:: DATASET EXTRACT ::
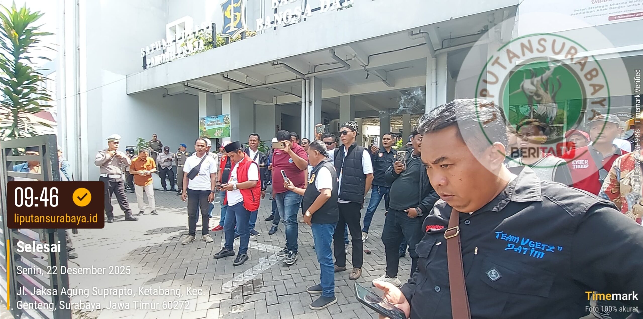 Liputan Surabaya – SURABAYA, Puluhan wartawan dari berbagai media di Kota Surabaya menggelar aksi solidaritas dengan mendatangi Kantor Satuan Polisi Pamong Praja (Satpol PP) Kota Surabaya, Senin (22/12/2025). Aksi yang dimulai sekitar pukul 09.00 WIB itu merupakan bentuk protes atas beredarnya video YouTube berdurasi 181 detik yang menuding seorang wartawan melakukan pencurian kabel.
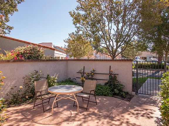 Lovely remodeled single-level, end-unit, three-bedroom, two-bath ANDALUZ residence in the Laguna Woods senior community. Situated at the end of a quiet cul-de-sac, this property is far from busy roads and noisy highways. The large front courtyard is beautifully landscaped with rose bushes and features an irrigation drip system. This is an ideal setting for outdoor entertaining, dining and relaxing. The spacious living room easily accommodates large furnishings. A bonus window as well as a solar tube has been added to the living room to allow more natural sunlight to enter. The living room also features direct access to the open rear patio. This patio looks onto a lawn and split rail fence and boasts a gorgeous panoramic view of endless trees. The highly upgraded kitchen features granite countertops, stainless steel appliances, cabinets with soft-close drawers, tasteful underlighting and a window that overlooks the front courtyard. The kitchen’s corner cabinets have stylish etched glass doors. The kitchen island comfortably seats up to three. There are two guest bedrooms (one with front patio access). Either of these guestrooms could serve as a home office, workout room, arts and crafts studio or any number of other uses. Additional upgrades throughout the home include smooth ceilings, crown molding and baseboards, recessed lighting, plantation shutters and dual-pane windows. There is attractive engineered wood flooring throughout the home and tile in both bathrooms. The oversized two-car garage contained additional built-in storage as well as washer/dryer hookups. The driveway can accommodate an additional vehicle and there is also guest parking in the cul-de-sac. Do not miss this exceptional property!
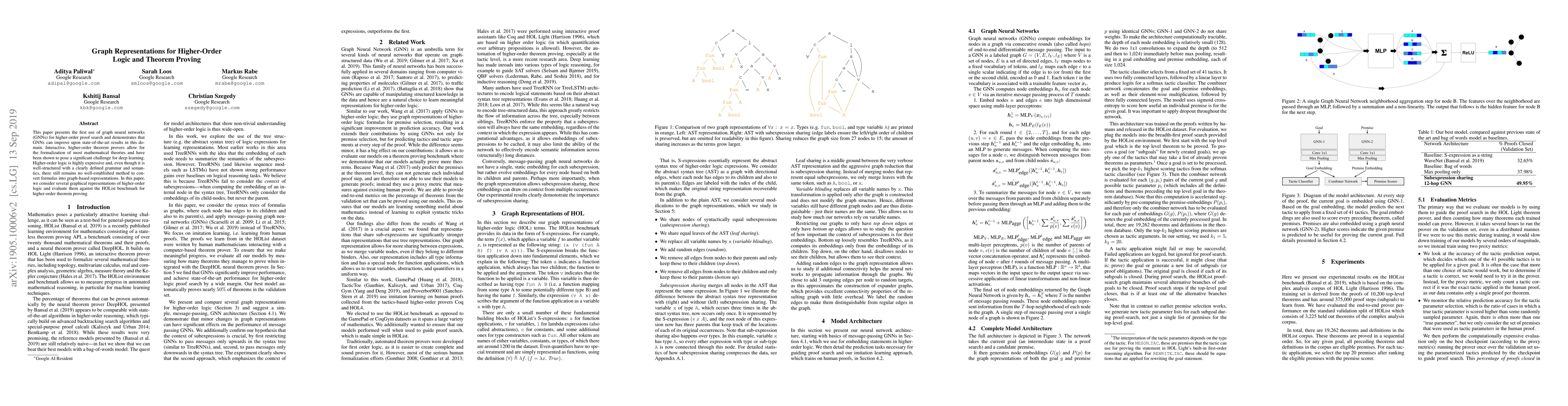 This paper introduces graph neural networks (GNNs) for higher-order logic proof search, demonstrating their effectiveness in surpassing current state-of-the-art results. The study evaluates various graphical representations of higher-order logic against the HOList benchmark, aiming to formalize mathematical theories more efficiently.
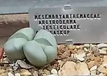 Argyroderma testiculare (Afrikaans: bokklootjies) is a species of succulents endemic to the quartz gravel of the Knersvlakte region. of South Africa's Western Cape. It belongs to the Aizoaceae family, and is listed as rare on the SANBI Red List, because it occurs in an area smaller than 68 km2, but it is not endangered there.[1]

:: WHAT YOU HAVE TO DO ::
From the first line of the material to the last, retype everything exactly except the images.

:: EXERCISE OUTPUT ::
 Liputan Surabaya – SURABAYA, Puluhan wartawan dari berbagai media di Kota Surabaya menggelar aksi solidaritas dengan mendatangi Kantor Satuan Polisi Pamong Praja (Satpol PP) Kota Surabaya, Senin (22/12/2025). Aksi yang dimulai sekitar pukul 09.00 WIB itu merupakan bentuk protes atas beredarnya video YouTube berdurasi 181 detik yang menuding seorang wartawan melakukan pencurian kabel.
 Lovely remodeled single-level, end-unit, three-bedroom, two-bath ANDALUZ residence in the Laguna Woods senior community. Situated at the end of a quiet cul-de-sac, this property is far from busy roads and noisy highways. The large front courtyard is beautifully landscaped with rose bushes and features an irrigation drip system. This is an ideal setting for outdoor entertaining, dining and relaxing. The spacious living room easily accommodates large furnishings. A bonus window as well as a solar tube has been added to the living room to allow more natural sunlight to enter. The living room also features direct access to the open rear patio. This patio looks onto a lawn and split rail fence and boasts a gorgeous panoramic view of endless trees. The highly upgraded kitchen features granite countertops, stainless steel appliances, cabinets with soft-close drawers, tasteful underlighting and a window that overlooks the front courtyard. The kitchen’s corner cabinets have stylish etched glass doors. The kitchen island comfortably seats up to three. There are two guest bedrooms (one with front patio access). Either of these guestrooms could serve as a home office, workout room, arts and crafts studio or any number of other uses. Additional upgrades throughout the home include smooth ceilings, crown molding and baseboards, recessed lighting, plantation shutters and dual-pane windows. There is attractive engineered wood flooring throughout the home and tile in both bathrooms. The oversized two-car garage contained additional built-in storage as well as washer/dryer hookups. The driveway can accommodate an additional vehicle and there is also guest parking in the cul-de-sac. Do not miss this exceptional property!
 This paper introduces graph neural networks (GNNs) for higher-order logic proof search, demonstrating their effectiveness in surpassing current state-of-the-art results. The study evaluates various graphical representations of higher-order logic against the HOList benchmark, aiming to formalize mathematical theories more efficiently.
 Argyroderma testiculare (Afrikaans: bokklootjies) is a species of succulents endemic to the quartz gravel of the Knersvlakte region. of South Africa's Western Cape. It belongs to the Aizoaceae family, and is listed as rare on the SANBI Red List, because it occurs in an area smaller than 68 km2, but it is not endangered there.[1]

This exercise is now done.